Update on AVM

Hi everyone!

I am just writing because it has been, what seems like forever. I wanted to post an update on my progress and share some of my experiences.

First, I was treated for a small AVM in my right occipital lobe (approximtely 2.1cm x 2cm). I was treated with the gamma knife, specifically Novalis Tx image-guided radiosurgery on May 24, 2011.

Since then, there hasn't been much to report. About 4 or 5 months out from treatment I had targeted headaches in the approximate area of my AVM. I had an MRI, but nothing looked abnormal, which was great news.

About a year out, May 2012, I had another follow-up MRI. There were no obvious changes, which at that point was expected.

I recently asked for another follow-up MRI in January 2013. I had noticed a spot in my vision for about 6 weeks. I was concerned about necrosis or a minor bleed; however, the MRI revealed neither. This is a blessing.

I did however, experience a temporary vision change during my MRI and again a couple weeks ago while working out. Both times, it looked like a puddle in my left field of vision. the puddle spread and spread. It looked like looking through fogged glass. Eventually it spread to my peripheral, almost like a c-shape. On the edge of my vision I saw flickering white and black dots. Both times it took about 15 minutes to go away.

The first time, my doctor believed it to be a reaction to the MRI contrast, as I am allergic. The second time I informed them of this issue, they decided for me to take precaution. No vigorous exercise or heavy lifting. There are so many variables with many of us that is hard to say what exactly is happening.

My doctor believes my brain is trying to adjust to the changes it is experiencing due to the treatment in May 2011. This isn't surprising since it can take up to 3 years to see results from this process.

I have noticed the spot in my vision a little more, which is good but also concerns me. It is good because that means the treatment is doing what is supposed to, but a little worrisome because it is impossible to predict what will happen with my vision.

I find myself trying to stay as positive as possible and trying to educate myself about the amazing brain! Read about brain plasticity. We are amazing beings and our bodies know how to heal themselves. I try to relax, since I have anxiety, but sometimes that requires a little help.

I have noticed some other things as well. On nights a get a good night sleep, my vision is much better, when I am drinking enough water throughout the day my vision is better, when I abstain from drinking wine my vision is better.
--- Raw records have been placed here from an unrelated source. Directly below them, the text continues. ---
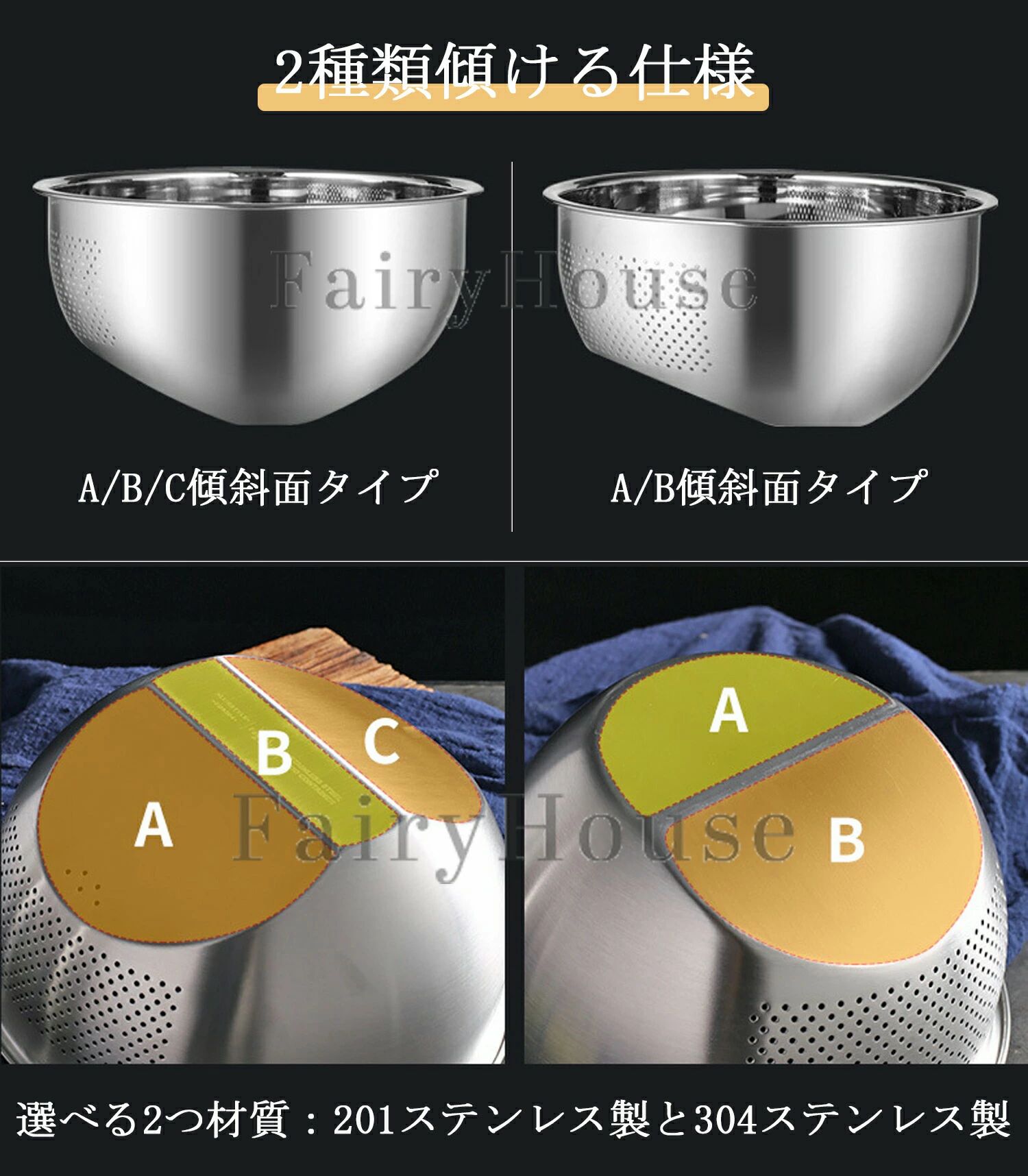 傾けるだけで水切り完了 こめとぎボウル キッチン用品 食器 調理器具 早い者勝ち 201【A/B傾斜面-19cm】 304【A/B傾斜面-19cm】 201【A/B傾斜面-22.5cm】 304【A/B傾斜面-22.5cm】 201【A/B/C傾斜面-26cm】 304【A/B/C傾斜面-26cm】
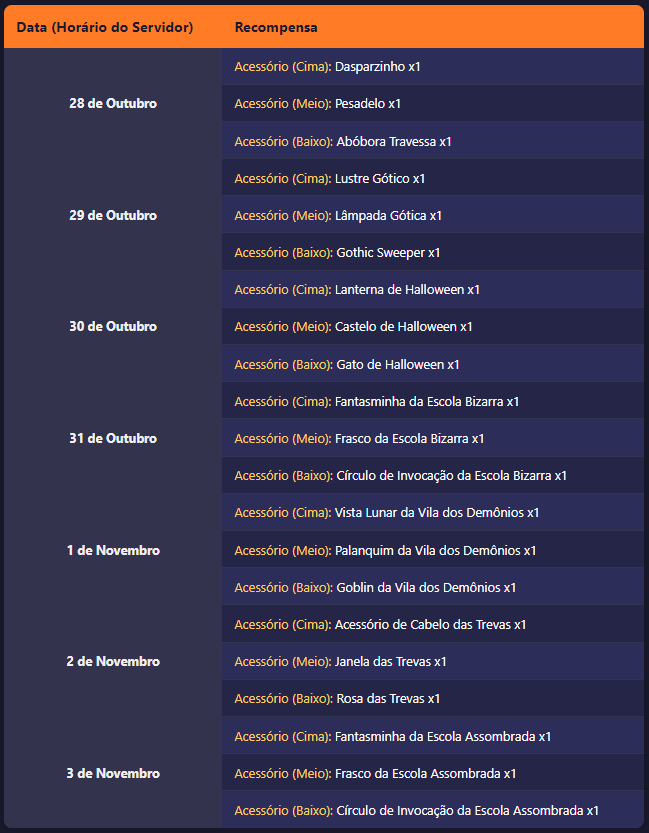 Realizando missões diárias e especiais, você recebe Biscoitos de Halloween que podem ser trocados na loja por recursos imperdíveis. Você também poderá rankear no evento e ao final dele, receberá premiações em gemas dependendo da sua colocação.
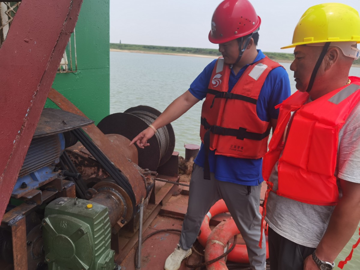 “注意船只之間縫隙,確保作業(yè)安全...”在贛撫尾閭南支王舍料場0156號采砂船上,一線班長張星鵬擦了擦額頭上的汗,一遍又一遍給船上員工叮囑作業(yè)注意事項。汗水順著一線作業(yè)人員黝黑的面頰一直往下流,一頂安全帽、一件救生背心、一瓶藿香正氣水,正是他們酷暑時的標(biāo)配。
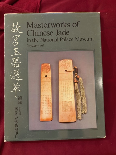 Fu-tsung, Chiang. Masterworks of Chinese Jade in the National Palace Museum. Supplement. Photo available. Taipei. National Palace Museum. 86 pps. Folio. Hardcover. First edition. Illustrated in black, white and color. Important reference work. Very scarce in this condition. Fine copy (name on end paper) in glassine wrapper in lightly edge worn slip case.
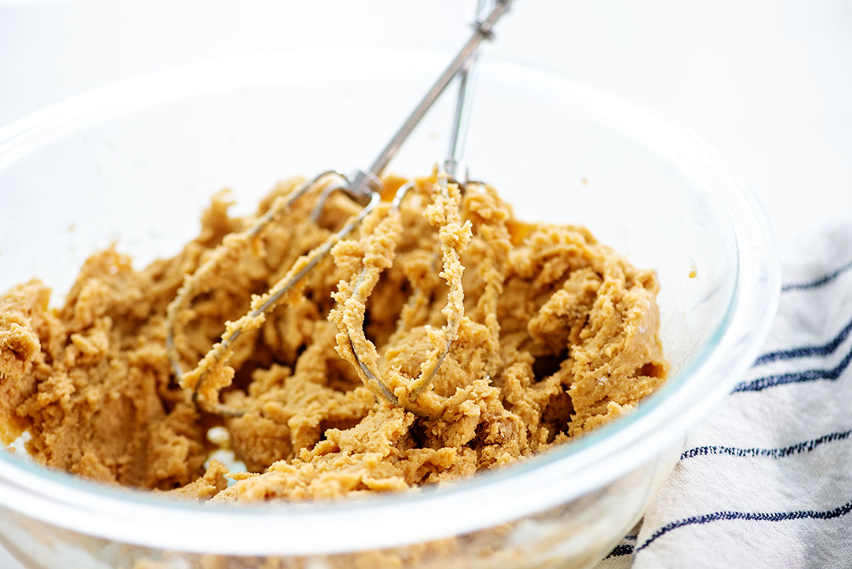 Start by creaming together the butter and sugars. Then, beat in the egg, vanilla, and peanut butter until smooth. Once creamy, fold in the dry ingredients.

On a side note, I am currently in a new/old city. I am no longer in San Antonio, but we are closer to family now. My husband received a great job offer so we moved. I am still looking for a job, but no luck yet. I am trying to enjoy my time relaxing, reading, watching movies and cooking.

Please feel free to contact me with any questions. I know this can be a scary time for all of us, but trust your journey and I will try to do the same. Be well.


Thanks for checking in, Monica. I just happened to read today that occipital AVMs can cause a variety of odd visual effects because that is where we process our images. I hope your vision disturbances are temporary and resolve as the gamma does its work.

Thank you @dancermom, I appreciate the kind words!